The woman would never forget the feeling of looking into one of his great eyes when she was little. The sunlight that seemed to radiate from their depths, the warmth and booming, rich timbre of his mental voice that felt like laying safe in summer fields of grass and flowers in the Beor mountains, the towering peaks looming above. 
He had been a sight to behold. And even more, he was the perfect companion, the perfect match of energy and light and presence for Tenari. Both so wild and so free, so soaked in the sun and open to the world that they would so eagerly carry on their shoulders if asked.
“I think it would honor them, Tenari and Fírnen both, if this little one wanted to carry on his legacy.” The tilt of Islanzadí’s lips felt almost wistful. If only they could see what had become of their family now, on this very day.
“Fírnen.” Arya tested the name on her tongue, the smile that it brought. How she had yearned to meet him, meet Tenari, after seeing the few fairths that had been saved. She begged Oromis and Glaedr for stories of their adventures and was always disappointed at the meager handful that survived. Tenari and Fírnen, not only Oromis and Glaedr, Brom and his beloved Saphira, had been one of the driving forces for her to take up the fight so young. 
The name felt right. But it was not her decision to make.
“Well?” Arya looked down at the glittering emerald bundle in her lap. “What do you think? Fírnen? As your name?”
The hatchling mulled over it. She could feel him turning the name over in his mind, examining it from different angles. A thread reached out and studied her memories surrounding the name, the fairths she had seen of the teal dragon and her great aunt. 
A soft purr of acceptance vibrated through Arya’s hand draped in the hollow of his spines. The dragon gave a sharp nod, the thoughtful glint still in his eye. ‘Fírnen. Good name. I am Fírnen.’ He nodded again, firm and sure. ‘Good shit.’
“What on earth have you done to him?” Islanzadí’s voice held no anger, just dry amusement.
Arya ignored the comment and lifted Fírnen up, elated. “Fírnen!” She beamed, bright laughter bubbling from her throat. “You have a name now!” Smoke drifted from the sides of her partner’s parted jaws, the same bright beams of sunlight dancing in amber eyes. “Arya and Fírnen! One of the best Dragon and Rider pairs to walk Alagaësia!” Arya laughed again. “No, to Fly! Fírnen, one day we will fly together! That’s incredible! Flying! You and me!” 
Islanzadí couldn’t help her own smile. This. This is what she had wanted to see after so many years. Her daughter, happy. Looking to a future without war.
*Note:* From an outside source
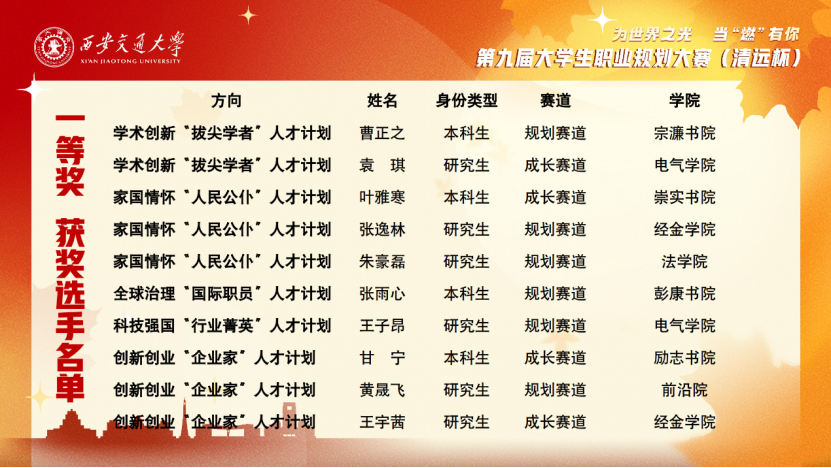 赛道“人民公仆”人才计划一等奖获得者张逸林,他规划的目标职业为基层公务员,他说自18年入校以来,在浓厚家国情怀的熏陶下,胸怀大局,无私奉献的西迁精神给他留下极其深刻的印象,这促使他在校期间尽可能多的去尝试不同的学生工作与志愿活动。他希望通过定向选调的方式,成为西部省份的一名基层公务员,将青春绽放在这片曾求学七载的厚重土地上,将自身价值的实现融入到服务人民、建设西部这样宏伟的时代目标中去。

So much had been lost, she had wondered if she would ever see that smile again. 
And even though she could still feel her right hand clenched in an unyielding fist, her elbow bent and shoulder braced against Barst’s blow…Islanzadí knew in that moment, this fleeting piece of time and memory shared with her daughter, her daughter the Rider and the dragon Fírnen. Everything had been gained.